▶ **PROBLEM TO WORK ON**:
Give back the full listing verbatim, apart from its images.

====== MATERIAL PROVIDED

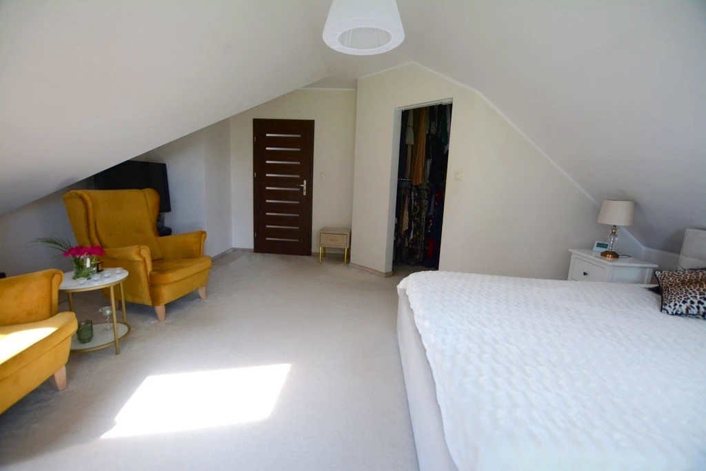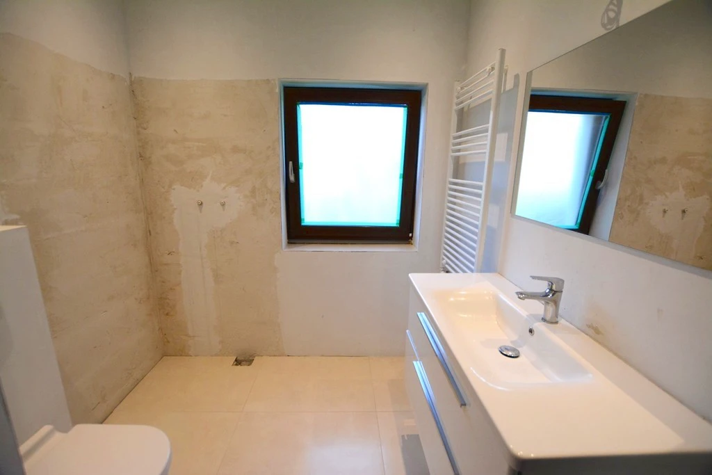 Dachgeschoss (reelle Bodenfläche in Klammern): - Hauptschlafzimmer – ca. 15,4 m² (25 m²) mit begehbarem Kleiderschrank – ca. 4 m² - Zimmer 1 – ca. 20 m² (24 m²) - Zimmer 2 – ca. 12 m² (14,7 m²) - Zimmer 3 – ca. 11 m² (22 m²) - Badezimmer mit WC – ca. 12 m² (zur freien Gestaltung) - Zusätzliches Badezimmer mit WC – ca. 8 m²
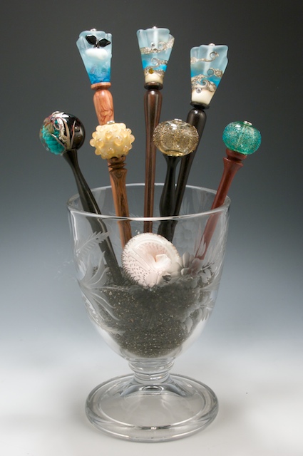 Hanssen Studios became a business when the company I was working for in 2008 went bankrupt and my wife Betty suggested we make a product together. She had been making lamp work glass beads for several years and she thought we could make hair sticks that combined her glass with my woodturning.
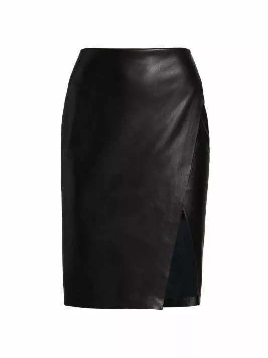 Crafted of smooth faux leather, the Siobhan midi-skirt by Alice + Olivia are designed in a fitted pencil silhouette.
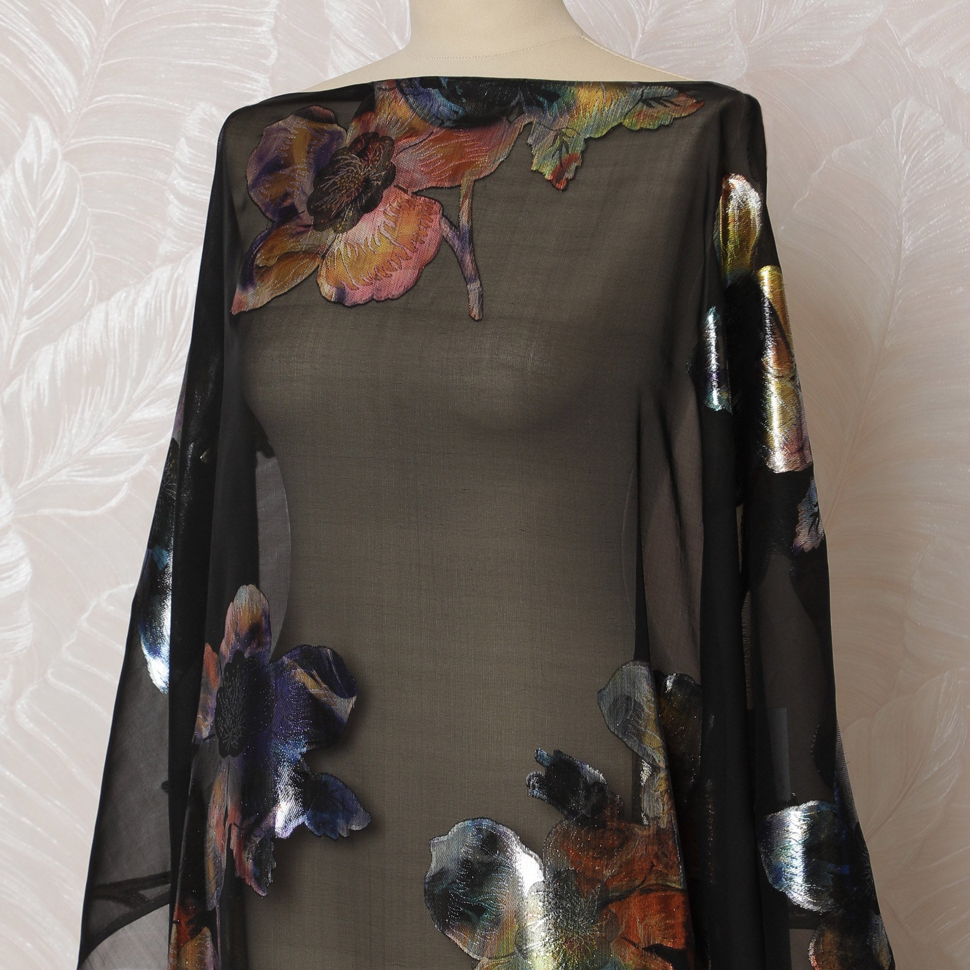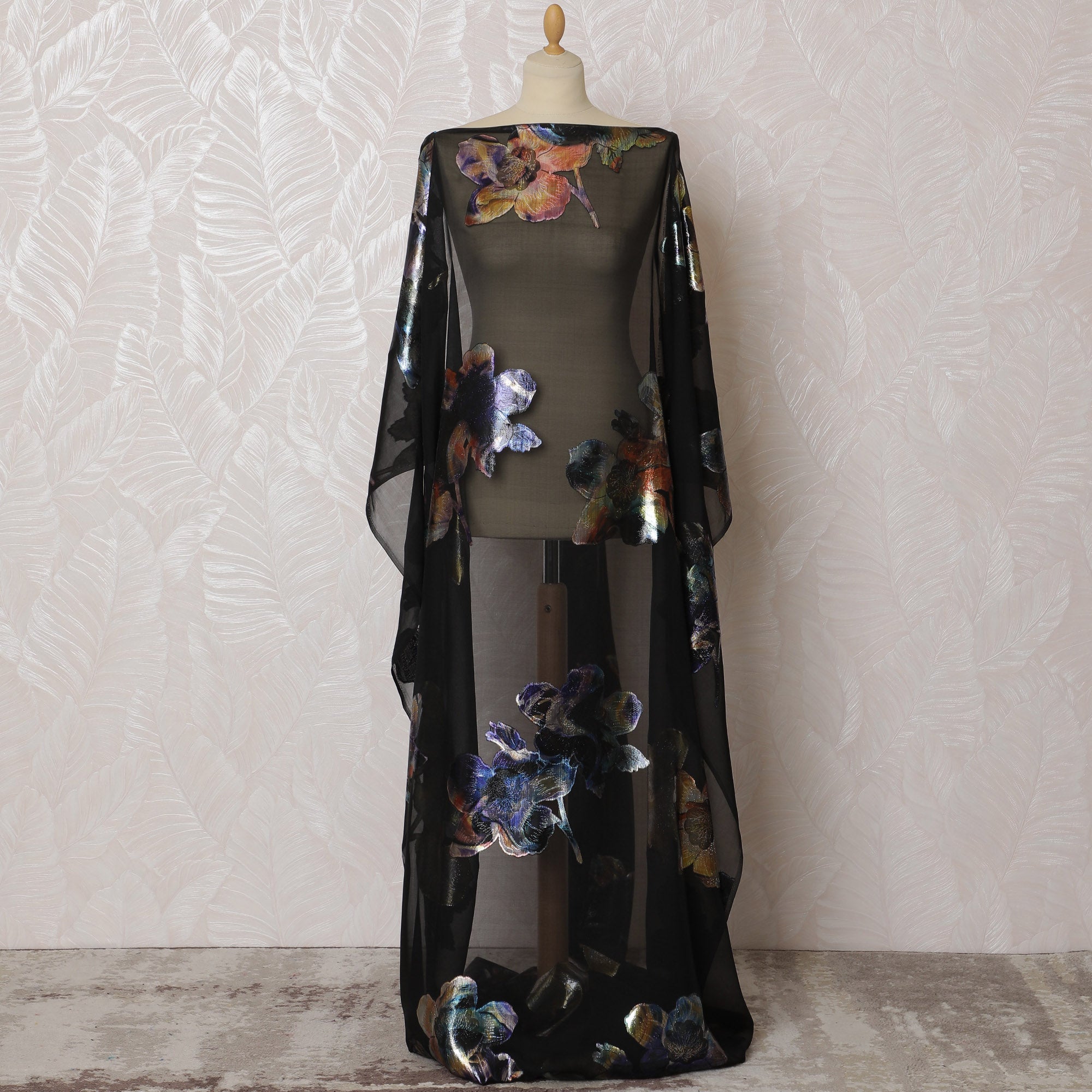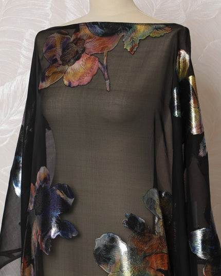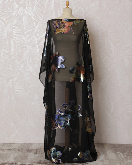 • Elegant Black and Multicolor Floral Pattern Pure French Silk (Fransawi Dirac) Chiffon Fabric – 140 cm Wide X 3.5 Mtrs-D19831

============

▶ **TASK RESULT**:
 Dachgeschoss (reelle Bodenfläche in Klammern): - Hauptschlafzimmer – ca. 15,4 m² (25 m²) mit begehbarem Kleiderschrank – ca. 4 m² - Zimmer 1 – ca. 20 m² (24 m²) - Zimmer 2 – ca. 12 m² (14,7 m²) - Zimmer 3 – ca. 11 m² (22 m²) - Badezimmer mit WC – ca. 12 m² (zur freien Gestaltung) - Zusätzliches Badezimmer mit WC – ca. 8 m²
 Hanssen Studios became a business when the company I was working for in 2008 went bankrupt and my wife Betty suggested we make a product together. She had been making lamp work glass beads for several years and she thought we could make hair sticks that combined her glass with my woodturning.
 Crafted of smooth faux leather, the Siobhan midi-skirt by Alice + Olivia are designed in a fitted pencil silhouette.
 • Elegant Black and Multicolor Floral Pattern Pure French Silk (Fransawi Dirac) Chiffon Fabric – 140 cm Wide X 3.5 Mtrs-D19831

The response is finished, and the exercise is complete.